_HOW TO COMPLETE THIS TASK_. With the images left out, print every entry that follows exactly.

◆ ◆ ◆ ◆ ◆ ◆ ◆

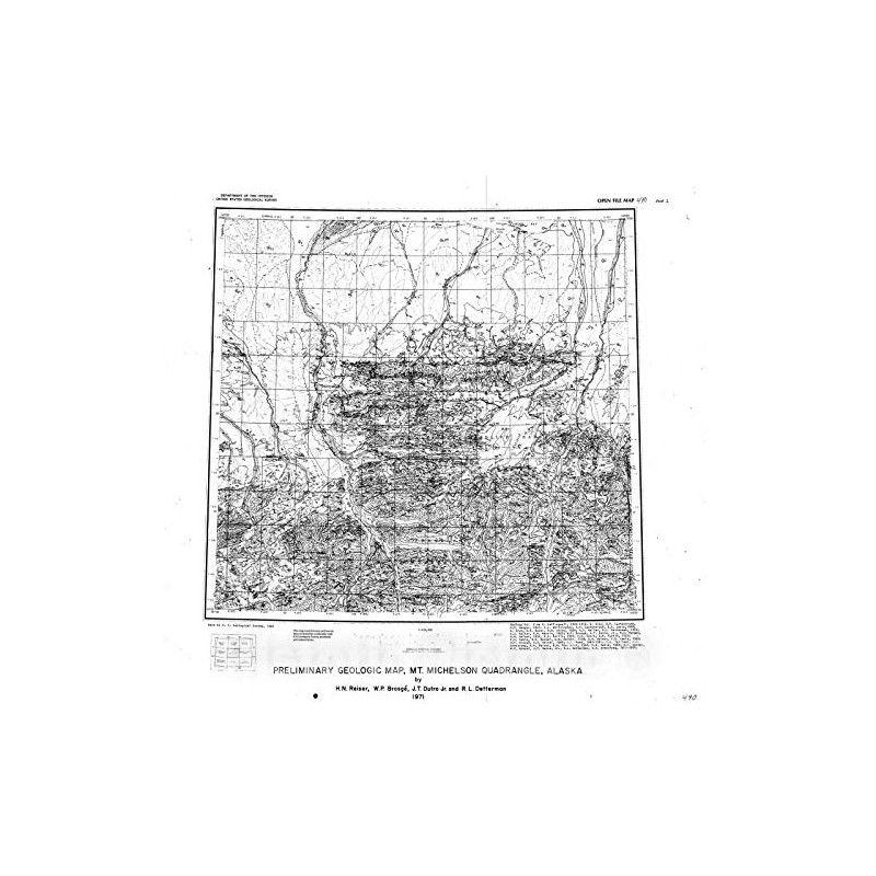 Historic Pictoric Map : Preliminary geologic map, Mt. Michelson Quadrangle, Alaska, 1971 Cartography Wall Art : 24in x 24in
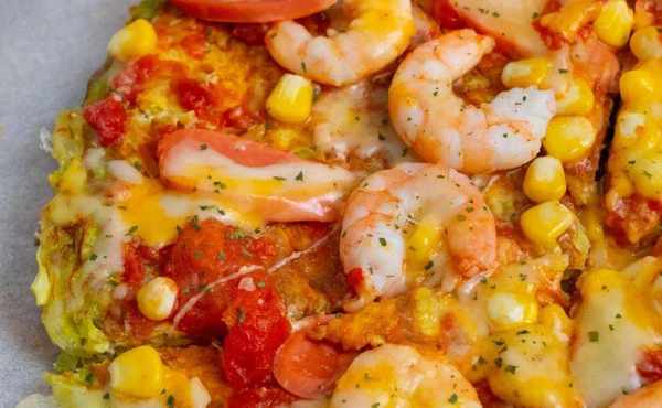 翻面加入2汤匙番茄酱、火腿肠、虾仁、玉米粒、马苏里拉芝士。
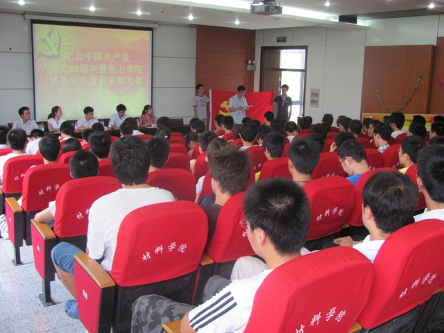 6月27日下午2点,电力学院在材料学院报告厅隆重举行了庆祝中国共产党成立八十九周年暨电力学院优秀学生党员表彰大会。出席大会的领导和老师有:电力学院党总支副书记张磊,团委书记田玉河,辅导员老师孙婉、张宇鑫、弓海军。大会由孙婉老师主持。
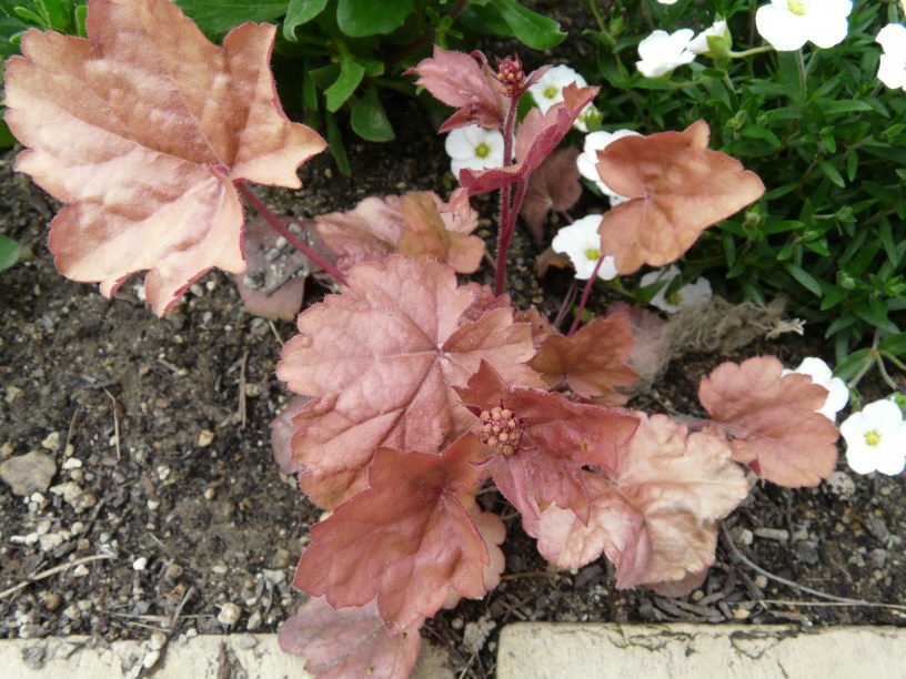 秋に購入して春に植えた ヒューケラ ピーチパイ も一緒に。
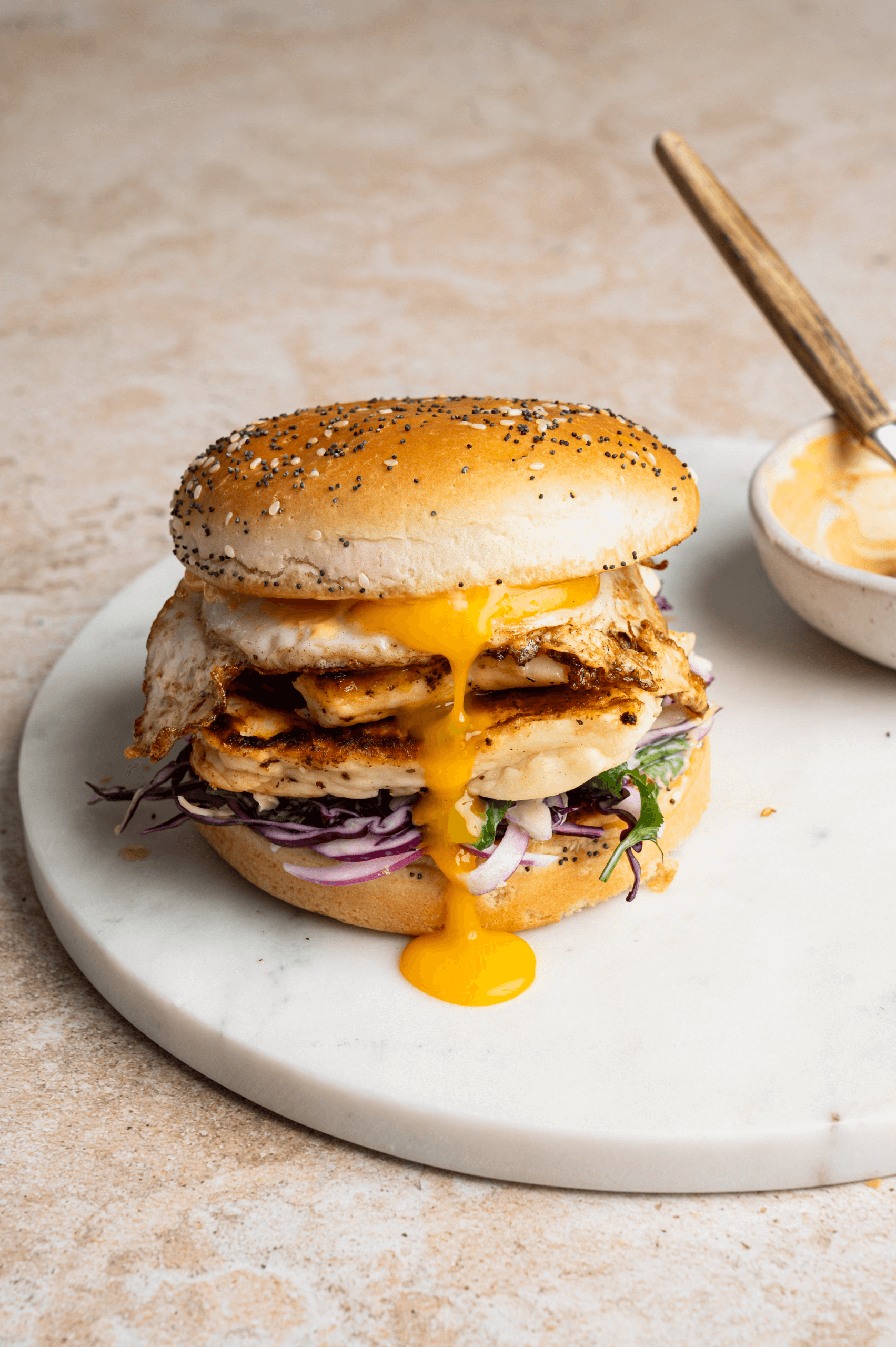 • Beleg het broodje met sriracha mayo, koolsla, de halloumi en dan het eitje. Smeer de andere kant van het broodje ook in met sriracha mayo en leg op het ei. Dien direct op!

◆ ◆ ◆ ◆ ◆ ◆ ◆

_OUTPUT FOR THIS TASK_.
 Historic Pictoric Map : Preliminary geologic map, Mt. Michelson Quadrangle, Alaska, 1971 Cartography Wall Art : 24in x 24in
 翻面加入2汤匙番茄酱、火腿肠、虾仁、玉米粒、马苏里拉芝士。
 6月27日下午2点,电力学院在材料学院报告厅隆重举行了庆祝中国共产党成立八十九周年暨电力学院优秀学生党员表彰大会。出席大会的领导和老师有:电力学院党总支副书记张磊,团委书记田玉河,辅导员老师孙婉、张宇鑫、弓海军。大会由孙婉老师主持。
 秋に購入して春に植えた ヒューケラ ピーチパイ も一緒に。
 • Beleg het broodje met sriracha mayo, koolsla, de halloumi en dan het eitje. Smeer de andere kant van het broodje ook in met sriracha mayo en leg op het ei. Dien direct op!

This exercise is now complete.